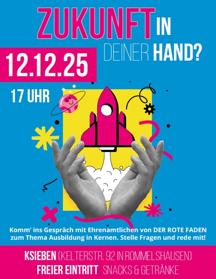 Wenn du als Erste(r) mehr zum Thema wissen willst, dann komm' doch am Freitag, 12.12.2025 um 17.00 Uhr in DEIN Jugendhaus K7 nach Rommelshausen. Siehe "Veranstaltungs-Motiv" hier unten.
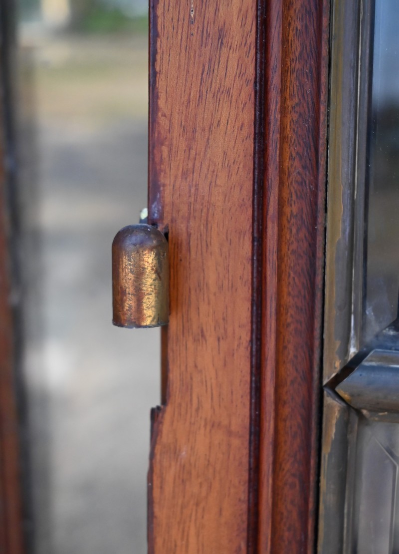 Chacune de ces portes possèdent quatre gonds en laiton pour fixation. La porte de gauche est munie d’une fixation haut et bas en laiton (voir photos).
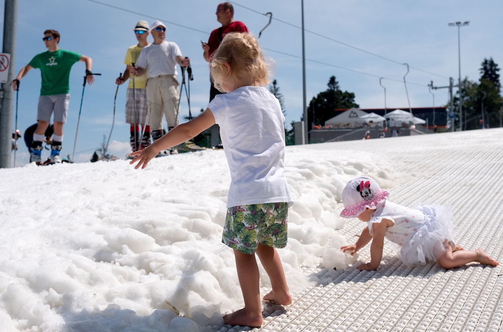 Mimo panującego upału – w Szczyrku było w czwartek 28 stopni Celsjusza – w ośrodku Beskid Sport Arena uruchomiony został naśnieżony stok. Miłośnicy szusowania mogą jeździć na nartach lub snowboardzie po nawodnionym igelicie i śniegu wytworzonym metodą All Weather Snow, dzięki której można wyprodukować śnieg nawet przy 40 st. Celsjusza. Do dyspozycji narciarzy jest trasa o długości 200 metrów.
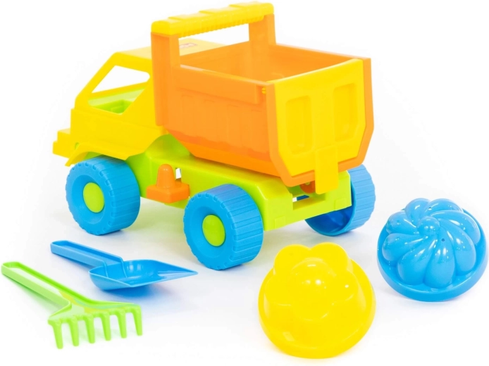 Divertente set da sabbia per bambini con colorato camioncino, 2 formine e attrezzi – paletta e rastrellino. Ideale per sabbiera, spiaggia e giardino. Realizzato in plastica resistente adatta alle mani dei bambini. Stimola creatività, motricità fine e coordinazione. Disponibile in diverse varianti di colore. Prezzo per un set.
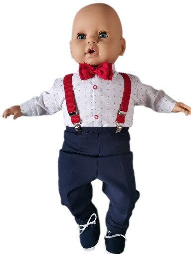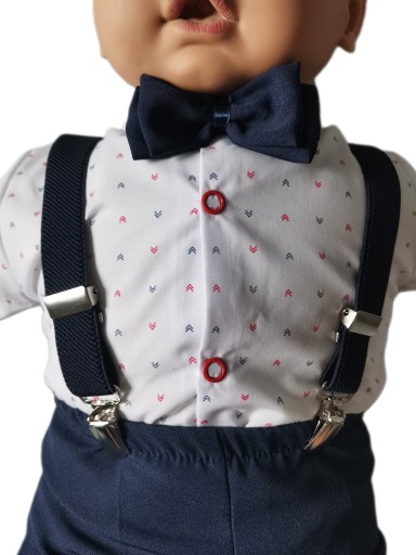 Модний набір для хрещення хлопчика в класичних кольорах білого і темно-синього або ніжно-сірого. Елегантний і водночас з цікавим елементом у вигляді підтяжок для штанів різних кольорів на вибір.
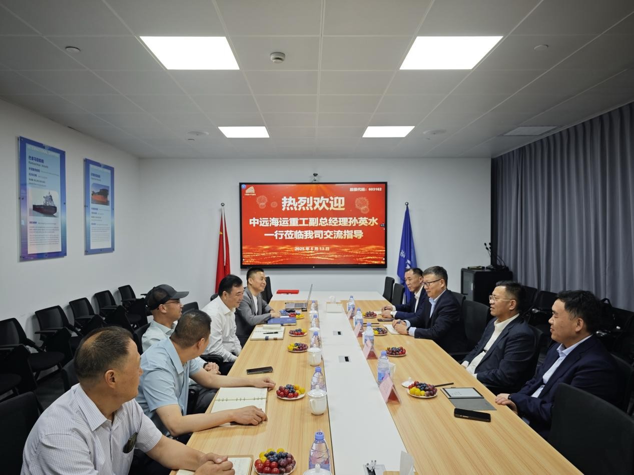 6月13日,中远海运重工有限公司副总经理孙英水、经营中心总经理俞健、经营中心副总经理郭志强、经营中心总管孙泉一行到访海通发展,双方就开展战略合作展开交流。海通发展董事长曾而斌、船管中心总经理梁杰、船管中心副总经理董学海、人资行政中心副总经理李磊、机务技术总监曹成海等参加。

◇ ◇ ◇ ◇ ◇

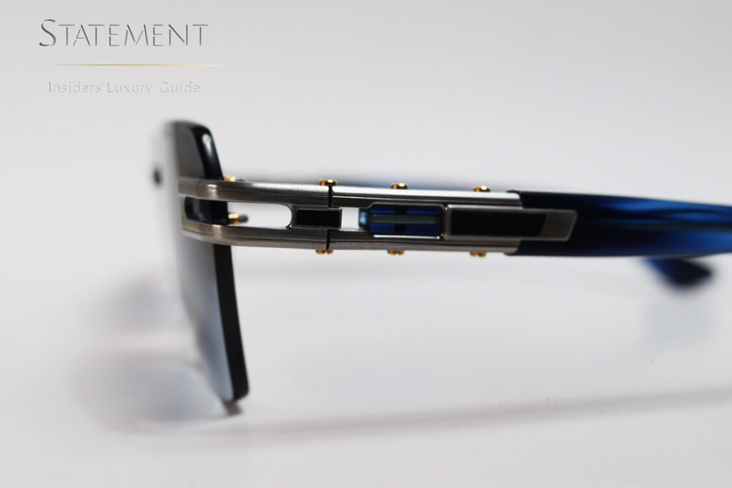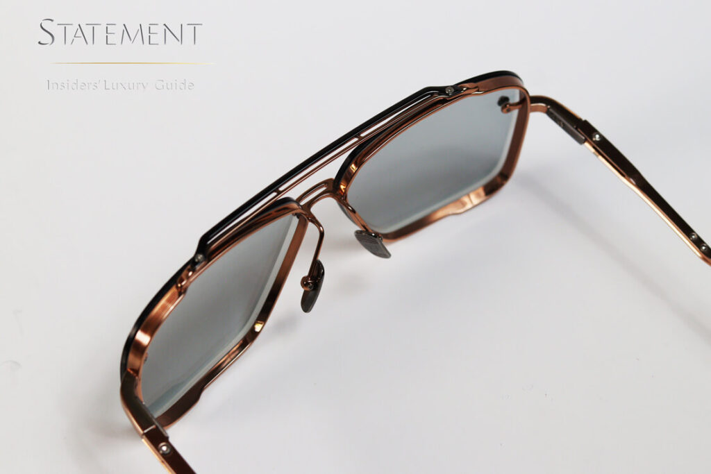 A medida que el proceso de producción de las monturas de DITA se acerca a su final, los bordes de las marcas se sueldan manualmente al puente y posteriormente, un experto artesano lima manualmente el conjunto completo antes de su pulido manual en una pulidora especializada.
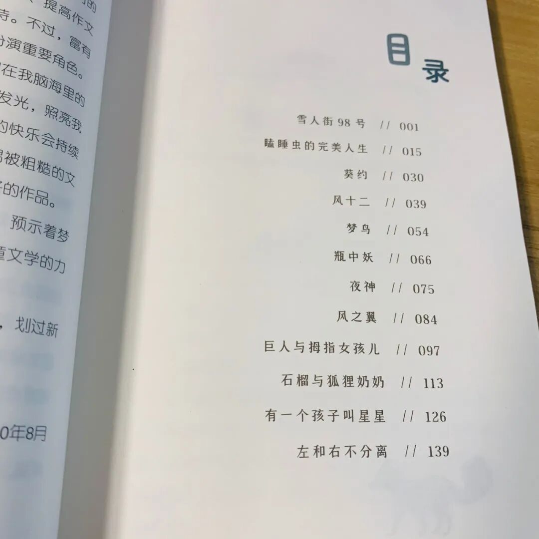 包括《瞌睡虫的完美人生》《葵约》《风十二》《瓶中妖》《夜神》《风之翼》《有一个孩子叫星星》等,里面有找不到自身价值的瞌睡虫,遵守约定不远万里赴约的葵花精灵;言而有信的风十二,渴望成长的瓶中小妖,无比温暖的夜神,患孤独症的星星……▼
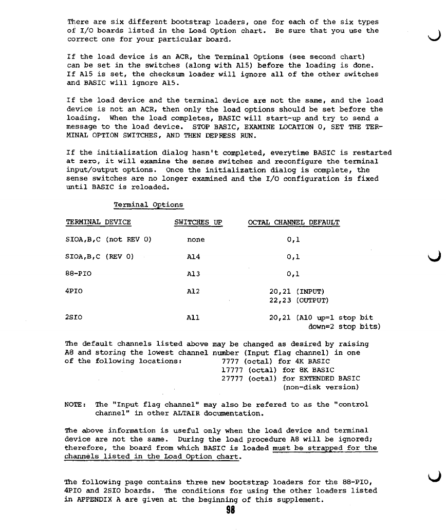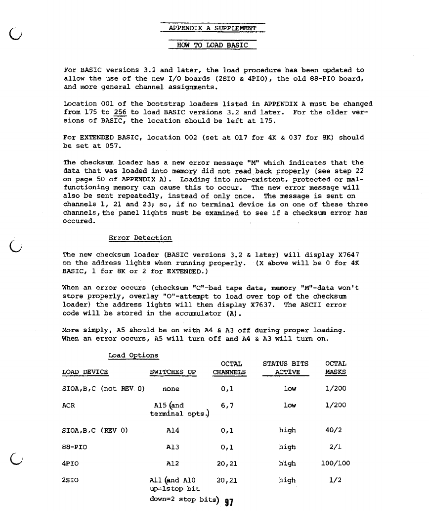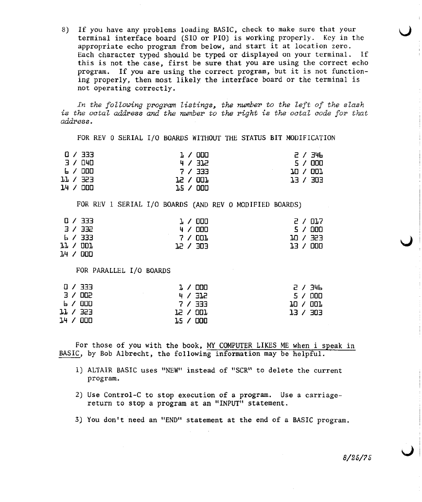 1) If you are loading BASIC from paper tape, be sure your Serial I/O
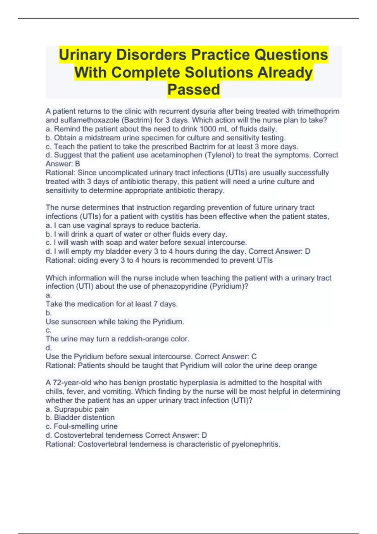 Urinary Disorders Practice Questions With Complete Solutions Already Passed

◇ ◇ ◇ ◇ ◇

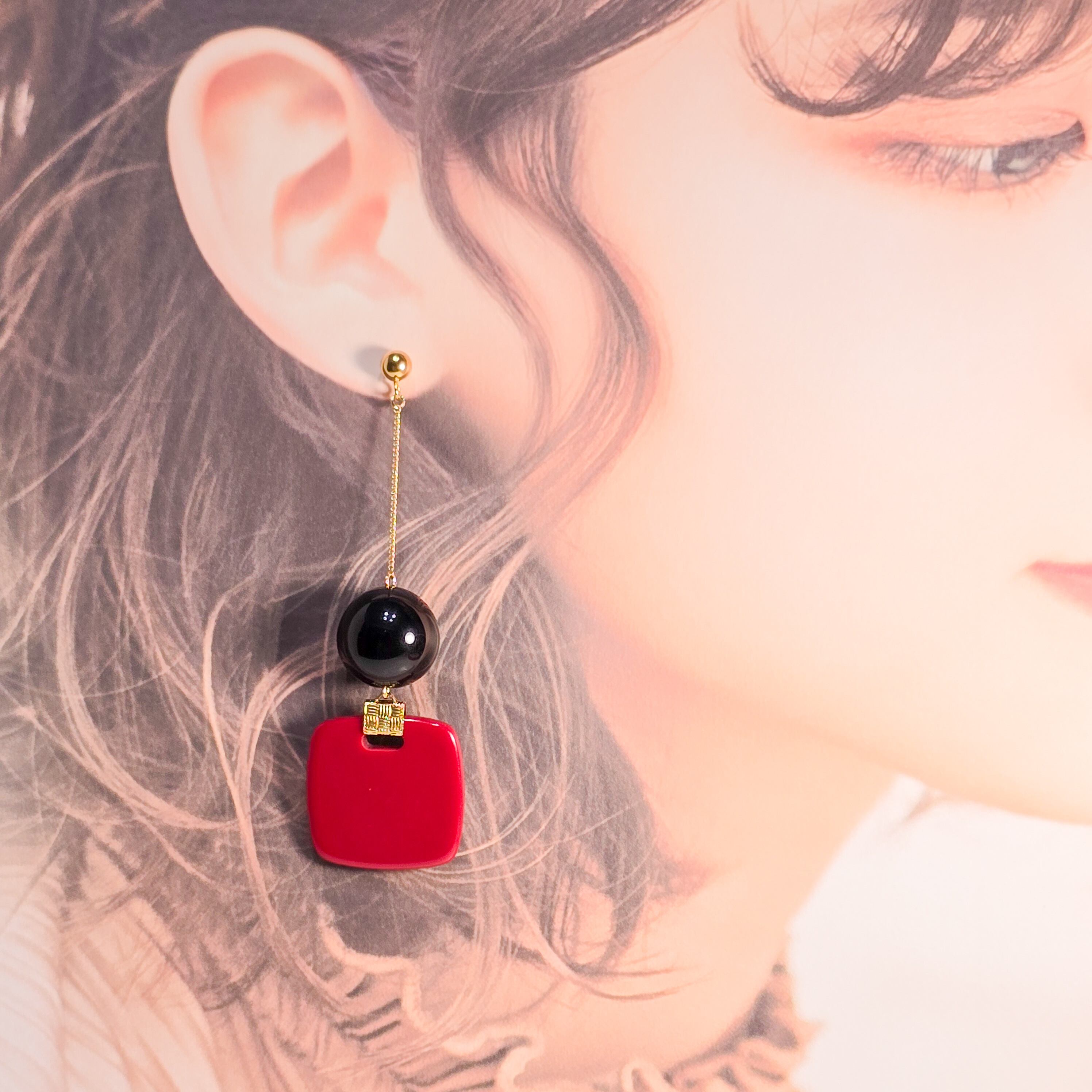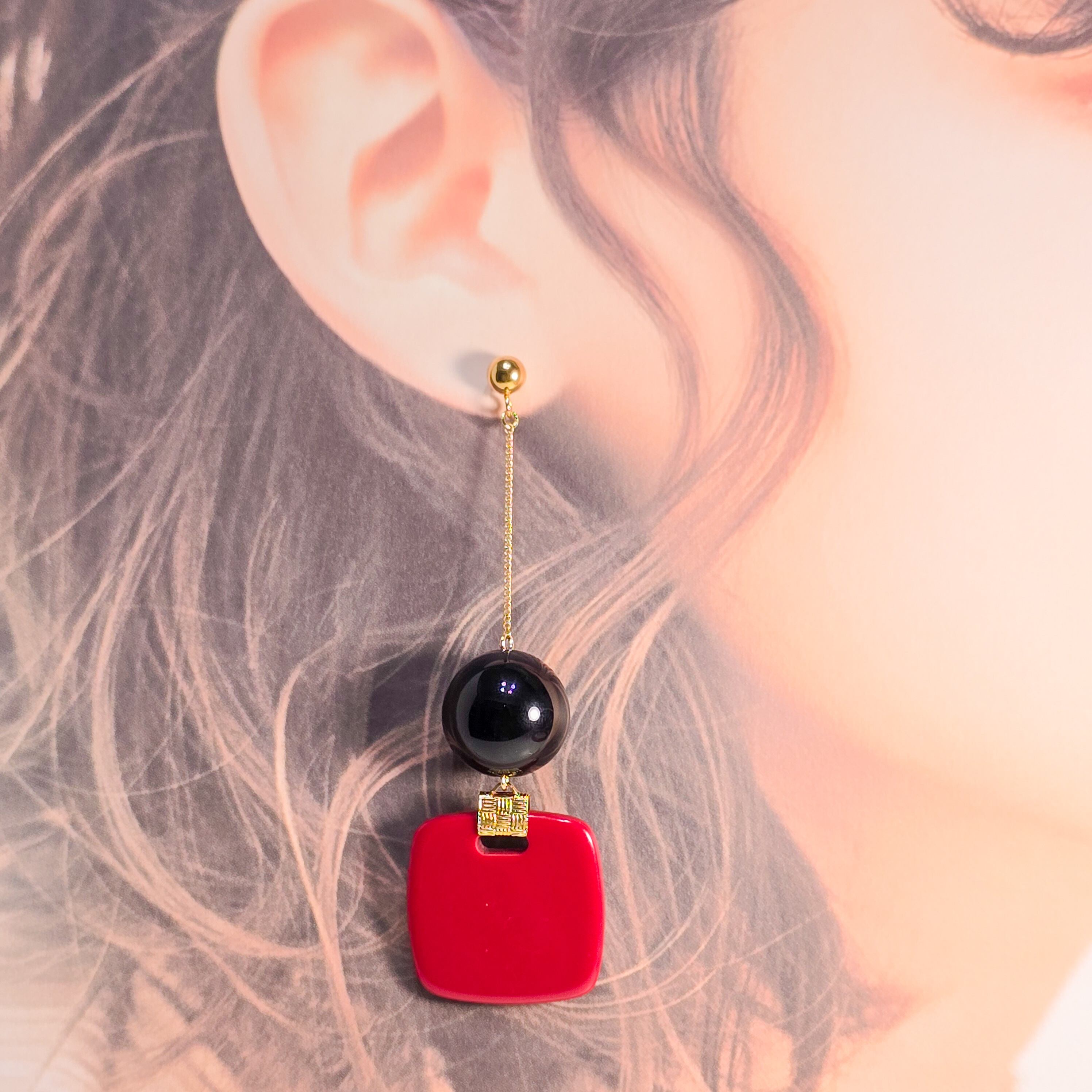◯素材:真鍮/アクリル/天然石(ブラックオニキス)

◇ ◇ ◇ ◇ ◇

◆ Goal of the exercise: Of all the material above, only the lines from the one that has "Divertente set da" down to the one that has "6月13日,中远海运重工有限" are to be written out, exactly and with both ends included. Pictures are skipped.

◆ Output:
 Divertente set da sabbia per bambini con colorato camioncino, 2 formine e attrezzi – paletta e rastrellino. Ideale per sabbiera, spiaggia e giardino. Realizzato in plastica resistente adatta alle mani dei bambini. Stimola creatività, motricità fine e coordinazione. Disponibile in diverse varianti di colore. Prezzo per un set.
 Модний набір для хрещення хлопчика в класичних кольорах білого і темно-синього або ніжно-сірого. Елегантний і водночас з цікавим елементом у вигляді підтяжок для штанів різних кольорів на вибір.
 6月13日,中远海运重工有限公司副总经理孙英水、经营中心总经理俞健、经营中心副总经理郭志强、经营中心总管孙泉一行到访海通发展,双方就开展战略合作展开交流。海通发展董事长曾而斌、船管中心总经理梁杰、船管中心副总经理董学海、人资行政中心副总经理李磊、机务技术总监曹成海等参加。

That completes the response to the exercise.